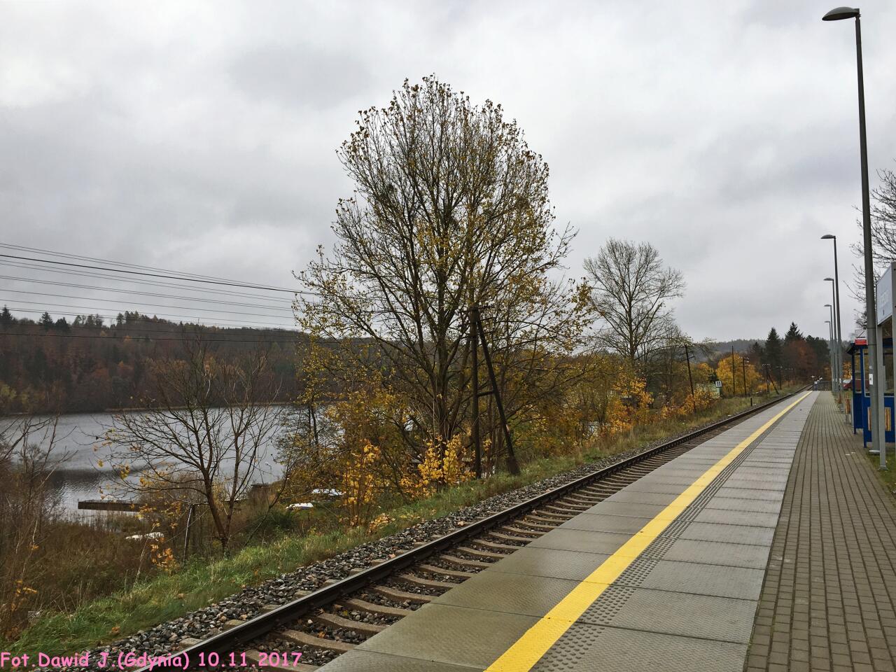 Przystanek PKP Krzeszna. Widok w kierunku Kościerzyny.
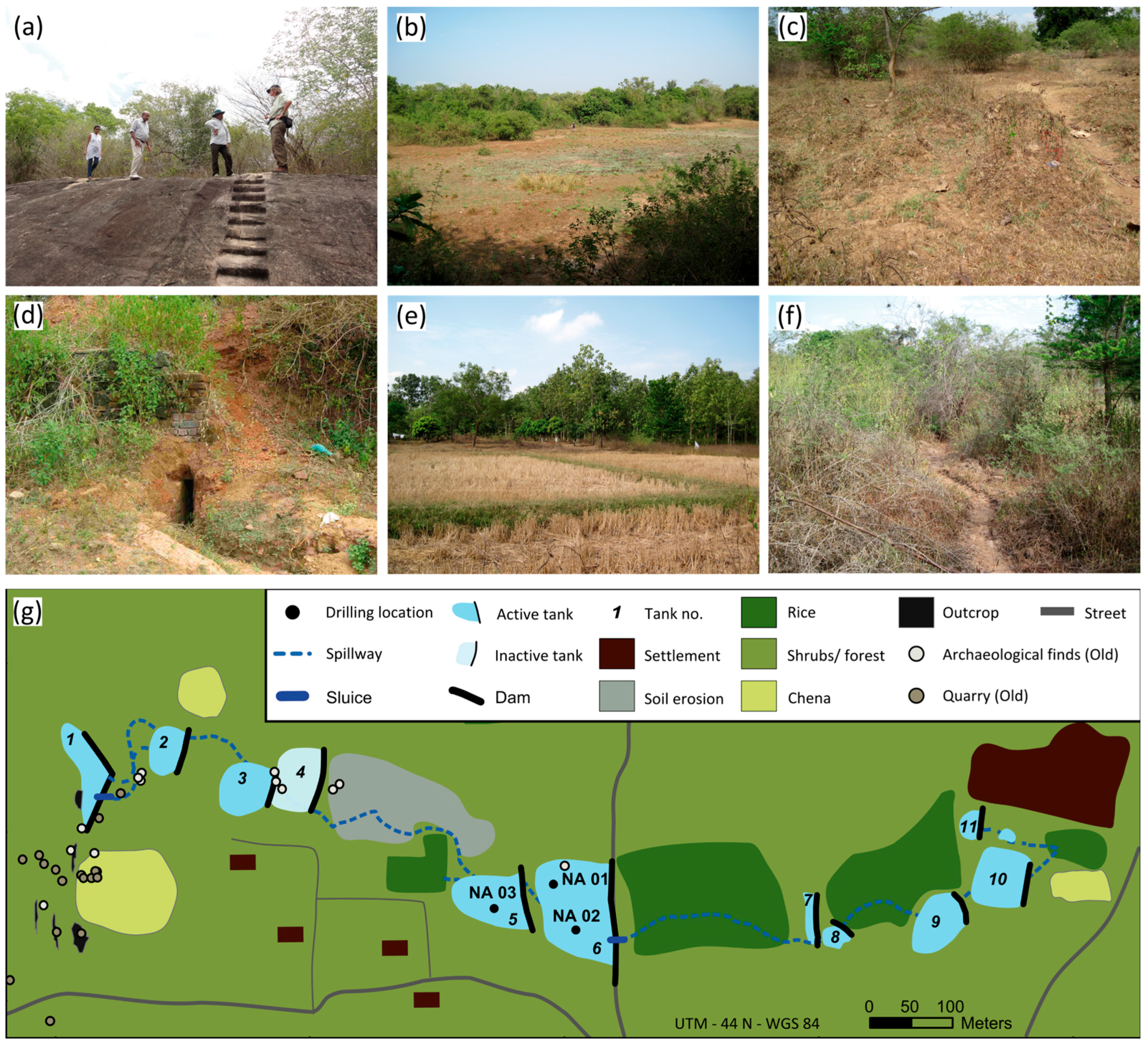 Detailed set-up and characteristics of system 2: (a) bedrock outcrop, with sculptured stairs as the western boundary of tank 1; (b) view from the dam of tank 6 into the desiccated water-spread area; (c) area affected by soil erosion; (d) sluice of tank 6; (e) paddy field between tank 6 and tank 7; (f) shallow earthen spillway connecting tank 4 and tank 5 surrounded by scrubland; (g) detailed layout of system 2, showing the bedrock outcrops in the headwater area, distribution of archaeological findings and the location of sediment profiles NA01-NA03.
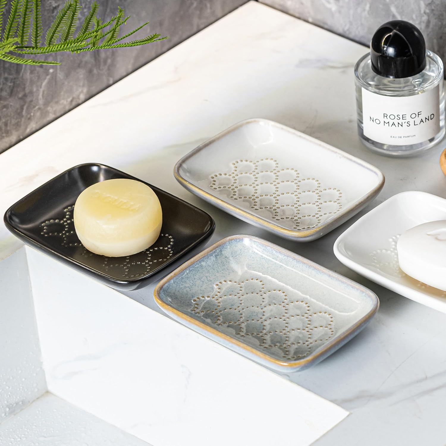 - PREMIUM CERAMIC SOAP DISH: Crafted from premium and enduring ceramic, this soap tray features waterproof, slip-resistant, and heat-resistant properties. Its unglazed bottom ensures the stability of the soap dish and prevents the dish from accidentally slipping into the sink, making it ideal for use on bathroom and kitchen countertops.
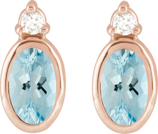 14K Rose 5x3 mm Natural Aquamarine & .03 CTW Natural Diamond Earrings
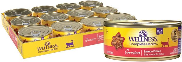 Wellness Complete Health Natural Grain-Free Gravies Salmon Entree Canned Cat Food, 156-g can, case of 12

::::::::

Problem description: Look above for the line containing "- PREMIUM CERAMIC"; output that line and all lines after it through the last one exactly, without the pictures.

Task response:
 - PREMIUM CERAMIC SOAP DISH: Crafted from premium and enduring ceramic, this soap tray features waterproof, slip-resistant, and heat-resistant properties. Its unglazed bottom ensures the stability of the soap dish and prevents the dish from accidentally slipping into the sink, making it ideal for use on bathroom and kitchen countertops.
 14K Rose 5x3 mm Natural Aquamarine & .03 CTW Natural Diamond Earrings
 Wellness Complete Health Natural Grain-Free Gravies Salmon Entree Canned Cat Food, 156-g can, case of 12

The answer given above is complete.